Rescuers save 220-pound catfish from flooded train station
The cat’s cradle was a tight rail hub.
Rescuers had the ultimate catch-and-release experience after saving a monster Mekong River catfish that became trapped inside a flooded train station in Thailand.
“It was one of the biggest I have seen,” Boonsong Tangrid told Viral Press of the dramatic rescue, which occurred in Chiang Mai on October 6.
The Northern Thai city had been pummeled by floods caused when the Ping River overflowed its banks due to heavy seasonal rainfall, killing three and forcing dozens of people to move to shelters.
‘We saw the massive catfish (pictured) in front of Saraphi Railway Station,” said volunteer responder Boonsong Tangrid. ViralPress
Volunteers from Uttaradit Songkroh Foundation were en route to evacuating stranded residents from submerged homes when they spotted the “massive catfish” stuck outside a ticket booth at the Saraphi Railway Station, per Tangrid.
“The water was at hip level and it could not swim through obstructions,” the volunteer lamented.
He estimated that the behemoth — — which is native to the Mekong River basin in Southeast Asia and parts of China — was over 3 feet long and weighed approximately 220 pounds (around the same weight as a refrigerator).
The rescuers reportedly had to evacuate nearby residents so they turned the cat over to the station master to oversee until it was safe to release it.
The rescuers hold up the catfish, which had become stranded by the train station amid floods pounding the region.
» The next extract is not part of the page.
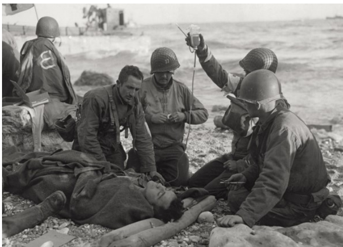
Medics give a blood transfusion to a victim on D-Day.

ViralPress
While certainly huge, this particular Mekong Catfish was a tiddler compared to other examples of the species, which can grow to nearly 10 feet long and weigh 660 pounds, per the World Wildlife Fund.
The plus-size plankton eater held the Guinness World Record for the world’s largest freshwater fish from 2005 until 2022 when it was eclipsed by a 661-pound stingray that was caught in Cambodia.
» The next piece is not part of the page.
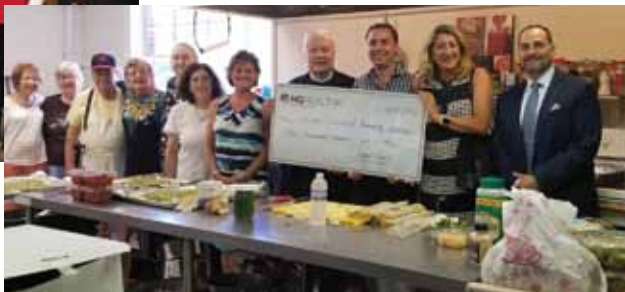
HG Realtor Foundation check presentation to Christ Church of Ramapo.

The Mekong’s massive size has made unsurprisingly it a veritable holy grail among freshwater anglers.
In fact, the species is listed as Critically Endangered on the IUCN (International Union for Conservation of Nature) due to overfishing, among other factors.
Due to the fish’s scarcity, it’s currently illegal to target Mekong catfish in Thailand, Laos, and Cambodia.
However, Thailand does have allow fishing for private stocks of the species that simultaneously help conserve the species while also allowing sport anglers to bag the fish of a lifetime.
The most famous of these catfish reservoirs is the New Bungsamran fishing lake outside Bangkok that houses a “Jurassic Park”-esque roster of river monsters from the Mekong to the giant Siamese carp.
Some of the catfish residing in this monster soup reportedly weighs over 400 pounds.